*** Begin section ***

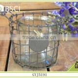 2015 New Product Iron Basket Glass Candle Holder for Home Decoration
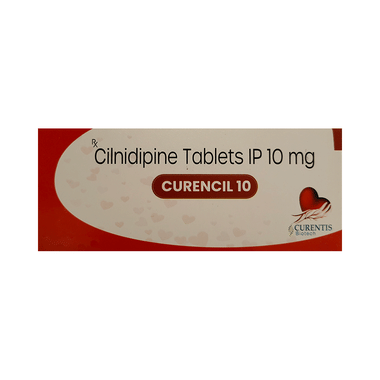 Curencil 10 Tablet is a calcium channel blocker. It works by relaxing the blood vessels so that blood can flow more easily around your body. This lowers your blood pressure and reduces your risk of having a stroke, a heart attack, or kidney problems in the future. You do not usually feel any direct benefit from taking this medicine, but it works in the long term to keep you well. Take it regularly, as prescribed, for this medicine to be most effective, even if you feel better.
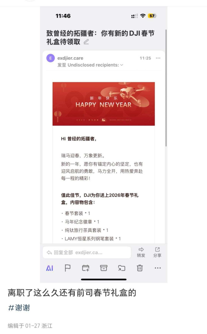 “离职了这么久还有(收到)前司春节礼盒,谢谢!”一位网友在小红书平台晒出的大疆官方邮件显示,邮件标题为“致曾经的拓疆者:你有新的DJI春节礼盒待领取”,内文写道:“瑞马迎春,万象更新。新的一年,愿你有锚定内心的坚定,也有迎风启航的勇敢,马力全开,用热爱奔赴每一程的精彩!”
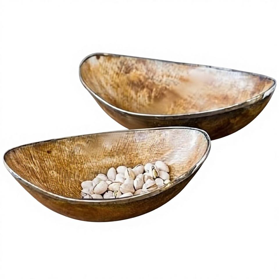 B.S ถาดเสิร์ฟอาหารแตรธรรมชาติแบบพกพาทำมือ BSO-9นานาชาติเครื่องล้างจานปลอดภัยไมโครเวฟขัดเงา
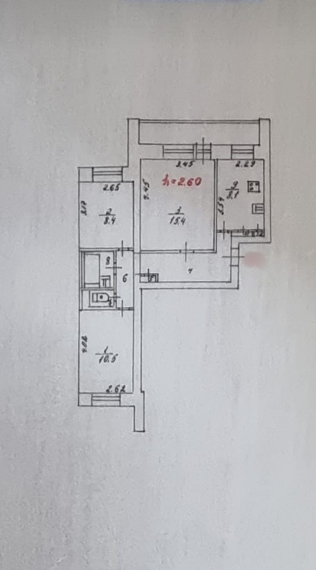 Высота потолков 2.6 м

*** End section ***

Task to carry out:
Counting both ends, reproduce word for word the lines from the line with "Curencil 10 Tablet" to the final line of the listing above, skipping every picture.

Output for this task:
 Curencil 10 Tablet is a calcium channel blocker. It works by relaxing the blood vessels so that blood can flow more easily around your body. This lowers your blood pressure and reduces your risk of having a stroke, a heart attack, or kidney problems in the future. You do not usually feel any direct benefit from taking this medicine, but it works in the long term to keep you well. Take it regularly, as prescribed, for this medicine to be most effective, even if you feel better.
 “离职了这么久还有(收到)前司春节礼盒,谢谢!”一位网友在小红书平台晒出的大疆官方邮件显示,邮件标题为“致曾经的拓疆者:你有新的DJI春节礼盒待领取”,内文写道:“瑞马迎春,万象更新。新的一年,愿你有锚定内心的坚定,也有迎风启航的勇敢,马力全开,用热爱奔赴每一程的精彩!”
 B.S ถาดเสิร์ฟอาหารแตรธรรมชาติแบบพกพาทำมือ BSO-9นานาชาติเครื่องล้างจานปลอดภัยไมโครเวฟขัดเงา
 Высота потолков 2.6 м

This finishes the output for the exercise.